# Requirement
Starting with the line containing "업종별조정률은 아래 표를 참고하시면 됩니다" and going on through the line containing "The first astronauts", return the lines of the data below exactly, and only those.

# The data
....
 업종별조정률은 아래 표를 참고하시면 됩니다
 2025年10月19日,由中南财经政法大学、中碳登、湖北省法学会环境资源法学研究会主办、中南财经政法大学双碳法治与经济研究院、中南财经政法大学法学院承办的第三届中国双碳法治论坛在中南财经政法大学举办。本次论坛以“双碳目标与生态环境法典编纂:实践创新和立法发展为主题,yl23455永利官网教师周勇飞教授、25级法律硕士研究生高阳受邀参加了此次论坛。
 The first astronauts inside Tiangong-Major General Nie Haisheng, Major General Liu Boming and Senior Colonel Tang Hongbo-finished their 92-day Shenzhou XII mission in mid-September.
....
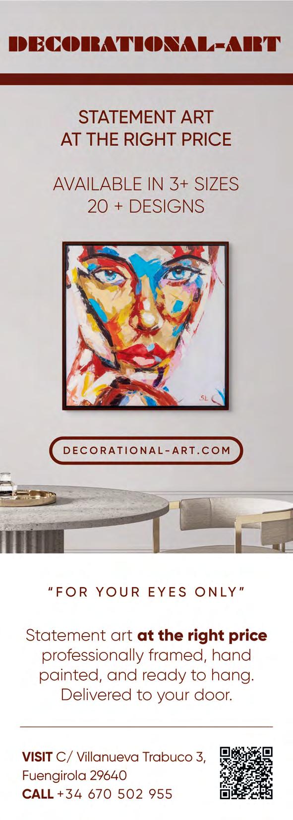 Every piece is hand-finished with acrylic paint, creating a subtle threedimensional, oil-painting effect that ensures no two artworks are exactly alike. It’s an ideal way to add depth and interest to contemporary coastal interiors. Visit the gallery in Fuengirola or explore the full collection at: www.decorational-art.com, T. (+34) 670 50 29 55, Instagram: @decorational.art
....
# Your response
 업종별조정률은 아래 표를 참고하시면 됩니다
 2025年10月19日,由中南财经政法大学、中碳登、湖北省法学会环境资源法学研究会主办、中南财经政法大学双碳法治与经济研究院、中南财经政法大学法学院承办的第三届中国双碳法治论坛在中南财经政法大学举办。本次论坛以“双碳目标与生态环境法典编纂:实践创新和立法发展为主题,yl23455永利官网教师周勇飞教授、25级法律硕士研究生高阳受邀参加了此次论坛。
 The first astronauts inside Tiangong-Major General Nie Haisheng, Major General Liu Boming and Senior Colonel Tang Hongbo-finished their 92-day Shenzhou XII mission in mid-September.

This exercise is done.